§ **What is expected**:
What you give must be exactly the lines of the material from the first through the line that contains "その後は園庭芝生でぽかぽか日", inclusive, and no others.

§ **Records for this task**:
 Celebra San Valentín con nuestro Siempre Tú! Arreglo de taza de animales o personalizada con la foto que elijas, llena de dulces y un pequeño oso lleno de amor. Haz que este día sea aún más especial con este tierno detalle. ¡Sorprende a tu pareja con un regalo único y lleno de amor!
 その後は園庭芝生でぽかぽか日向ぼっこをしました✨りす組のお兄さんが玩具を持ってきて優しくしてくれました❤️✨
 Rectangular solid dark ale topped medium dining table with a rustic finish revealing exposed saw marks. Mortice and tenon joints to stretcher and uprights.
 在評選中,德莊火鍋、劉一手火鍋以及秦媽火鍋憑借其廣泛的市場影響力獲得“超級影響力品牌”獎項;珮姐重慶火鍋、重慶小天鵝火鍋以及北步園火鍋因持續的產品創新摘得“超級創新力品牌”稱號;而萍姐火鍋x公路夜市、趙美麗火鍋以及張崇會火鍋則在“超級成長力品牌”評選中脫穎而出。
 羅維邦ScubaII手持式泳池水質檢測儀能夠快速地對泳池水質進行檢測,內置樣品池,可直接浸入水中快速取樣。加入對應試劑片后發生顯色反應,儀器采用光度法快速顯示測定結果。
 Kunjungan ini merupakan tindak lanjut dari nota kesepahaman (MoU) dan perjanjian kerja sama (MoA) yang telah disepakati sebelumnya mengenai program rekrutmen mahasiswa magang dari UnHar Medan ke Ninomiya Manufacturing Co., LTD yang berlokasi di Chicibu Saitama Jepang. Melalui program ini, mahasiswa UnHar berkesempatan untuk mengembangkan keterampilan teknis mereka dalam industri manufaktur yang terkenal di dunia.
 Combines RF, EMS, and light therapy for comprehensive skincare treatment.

§ **Response**:
 Celebra San Valentín con nuestro Siempre Tú! Arreglo de taza de animales o personalizada con la foto que elijas, llena de dulces y un pequeño oso lleno de amor. Haz que este día sea aún más especial con este tierno detalle. ¡Sorprende a tu pareja con un regalo único y lleno de amor!
 その後は園庭芝生でぽかぽか日向ぼっこをしました✨りす組のお兄さんが玩具を持ってきて優しくしてくれました❤️✨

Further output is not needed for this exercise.